From 528fc8f1f64bae28e54b416be5bb578dc2e38ccb Mon Sep 17 00:00:00 2001
From: Cristian <cristian@swapps.com>
Date: Thu, 2 Jul 2020 12:11:23 -0500
Subject: [PATCH] fix: Improve encoding detection for rss+xml content types

---
 archivebox/util.py | 9 +++++++++
 1 file changed, 9 insertions(+)
diff --git a/archivebox/util.py b/archivebox/util.py
index 4ba1e3dd..8fdda389 100644
--- a/archivebox/util.py
+++ b/archivebox/util.py
@@ -160,6 +160,15 @@ def download_url(url: str, timeout: int=None) -> str:
         verify=CHECK_SSL_VALIDITY,
         timeout=timeout,
     )
+    if response.headers.get('Content-Type') == 'application/rss+xml':
+        # Based on https://github.com/scrapy/w3lib/blob/master/w3lib/encoding.py
+        _TEMPLATE = r'''%s\s*=\s*["']?\s*%s\s*["']?'''
+        _XML_ENCODING_RE = _TEMPLATE % ('encoding', r'(?P<xmlcharset>[\w-]+)')

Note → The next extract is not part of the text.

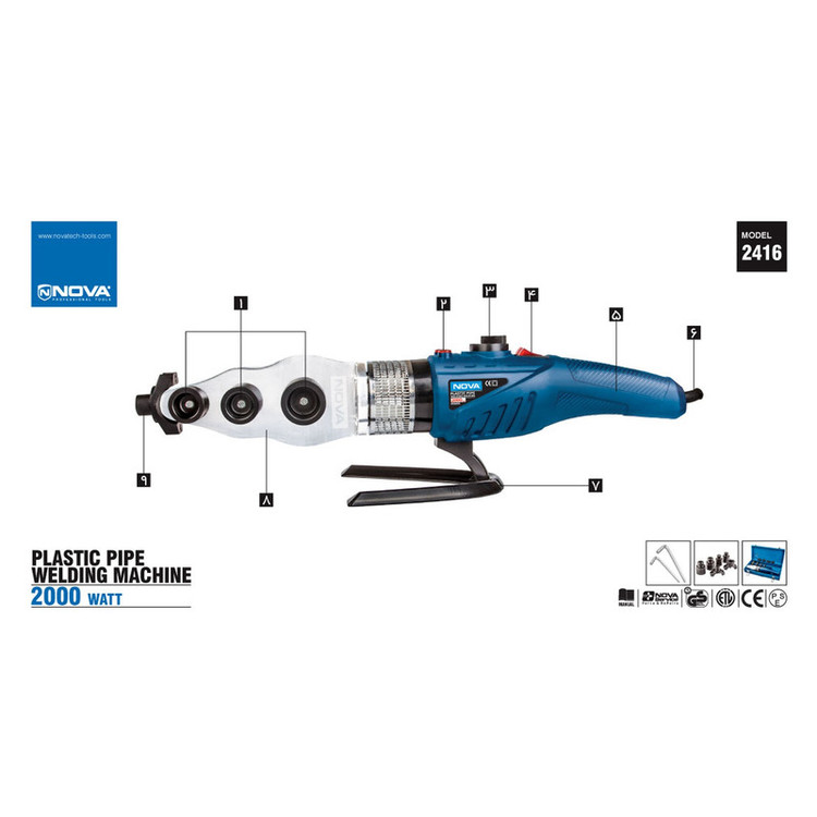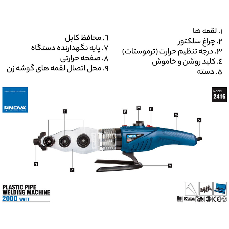 - 4 عدد لقمه 20 میلیمتری ( دو سری ) و 25 میلیمتری ( دو سری ) - 2 عدد لقمه سر صفحه حرارتی 20 و 25 میلیمتری با طراحی ویژه - 2 عدد آچار آلن - کیف فلزی - پایه آلومینیومی

+        _BODY_ENCODING_PATTERN = r'<\s*(\?xml\s[^>]+%s)' % (_XML_ENCODING_RE)
+        _BODY_ENCODING_STR_RE = re.compile(_BODY_ENCODING_PATTERN, re.I | re.VERBOSE)
+        match = _BODY_ENCODING_STR_RE.search(response.text[:1024])
+        if match:
+            response.encoding = match.group('xmlcharset')
     return response.text